Folks seem to enjoy the research component of my botanical journal just as much as the art itself, which stemmed from my compulsive desire to learn as much as I can about our natural world while it’s still here. I have not always been a full-time artist: I spent a few years in a Ph.D. program, and while academia was not my ultimate calling, I learned a lot about how to conduct research. I love learning, and I love that the folks who follow my art do too. The fact that it marries my two greatest loves, art and science, is really what makes this botanical journal project exciting for me.

YPE Is there a favorite plant you have draw?

So many! Some of my all-time favorites are western hemlock (those tiny cones! Swoon!), salmonberries, and, of course, roses, particularly of the English garden variety. I also love documenting plants in various stages of growth. I enjoy it all, really. More than anything I love the variety that keeping a nature journal affords my art. The landscape is constantly changing and evolving throughout the year, and as a person who's pretty easily bored, I enjoy the diversity of plant life we enjoy here in Portland across our seasons. This is part of the idea behind the Plant People Project as well: to begin incorporating more different types of plants that may be tough to get a hold of locally.

YPE What came first, the plant journal or tattooing?

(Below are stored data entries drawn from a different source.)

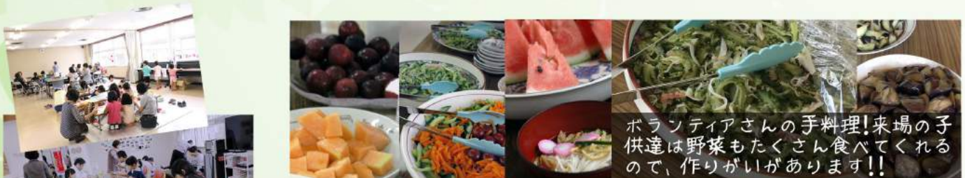
ボランティアさんの手料理! 来場の子供達は野菜もたくさん食べてくれるので、作りがいがあります!!

第4土曜日に開催されている「ムックくん食堂」この夏も元気に開催しました。多くの方が参加していただいているこの食堂は、土佐市の方々に子ども食堂を知っていただくために始まりました。食堂の利用者さんから「ここに来ようになってから料理のレシピが増えました。」や「子どもが野菜を食べられるようになりました。」など嬉しい言葉を頂けることが増えました。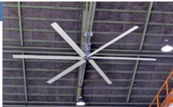
工場用大型天井ファン「流清」

弊社工場は6工場あり、部材から各部品を加工し、最終的には溶接組立しています。近年、板金事業、防水板事業、天井ファン事業と、いろいろな分野の仕事も増やしており、今後も社員が安定した生活ができ、社会にも末永く貢献できるように新しい製品を開発し、成長していく所存です。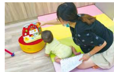
共同探索感官世界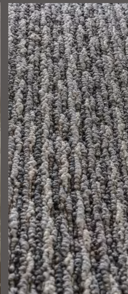
3304 | COLLAGE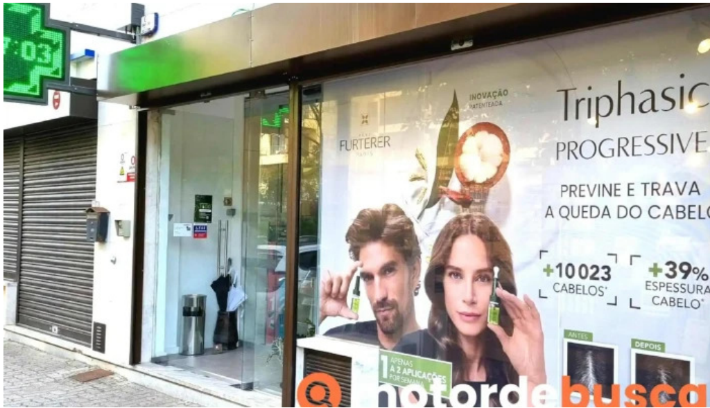
Farmacia nova de carnaxide tudo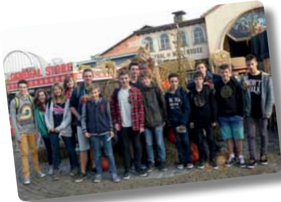
Jeugduitstap naar Bobbejaanland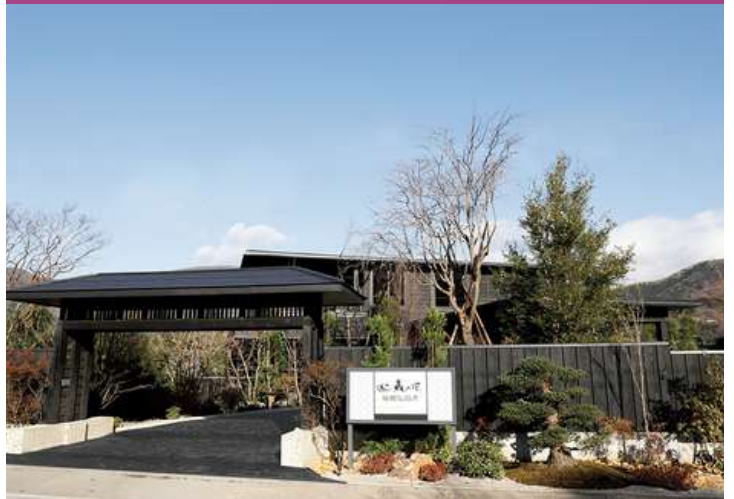
Hotel Mori no Kaze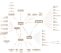
Fig. 2 p. 32

outils ou des formats de métadonnées, mais de les exprimer telles qu'elles existent, en définissant les différentes entités, leurs données sous-jacentes et leurs interdépendances qui, bien souvent, sont mélangées dans les bases de données d'estampages. C'est en partant des données préexistantes que nous avons pu construire ce modèle, moyennant une adaptation et une redistribution des informations présentes dans les bases de gestion d'estampages. Le résultat est donc un mapping autour de l'estampage qui prend en compte les cinq entités impliquées :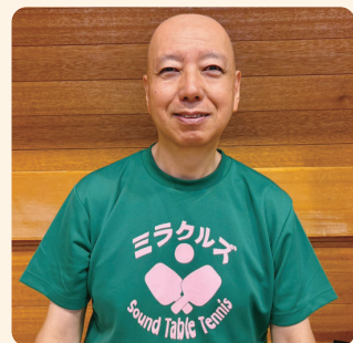
話を聞かせてもらう人

※パラスポーツは、障害者スポーツやユニバーサルスポーツ等さまざまな呼び方があります。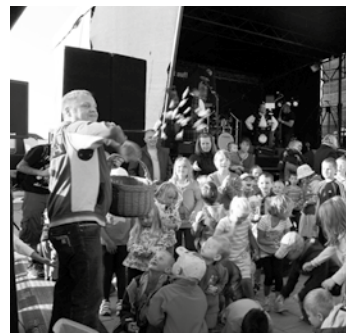
Bei der Kinderdisco lässt DJ Crazy Ardo auch mal Bonbons regnen ...

Der Eintritt ist frei Entfällt bei schlechten Wetter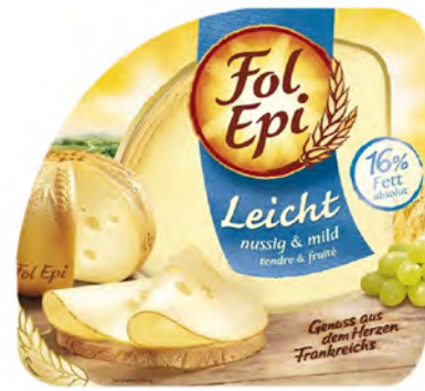
Allégé Rebanadas Cont. Net.: 150g

CR The plant journal, but not by too large of a margin. I had always focused on natural science in my work, but for a few years I was more inspired by the avian world (I'm sure I'll talk your ears off about my time working at a raptor center at the SketchXChange event). I’ve been focusing on drawing flora form life for a few years now but only began sharing my plant journal on Instagram when I was on the cusp of getting my tattooing license. Before tattooing, I worked in styles and media that were much more gestural and freeform, but once I got serious about tattooing I began focusing on cleaning up my linework and working primarily with ink. The plant journal project evolved out of those goals. I hadn’t been big on sharing my work on social media before then, but I knew that if I wanted to make a real career out of tattooing, I had to get used to it. It was scary at first, but needless to say, I’m humbled and honored by the reception that it’s gotten, the friends I’ve made through it, and all that I’ve learned along the way.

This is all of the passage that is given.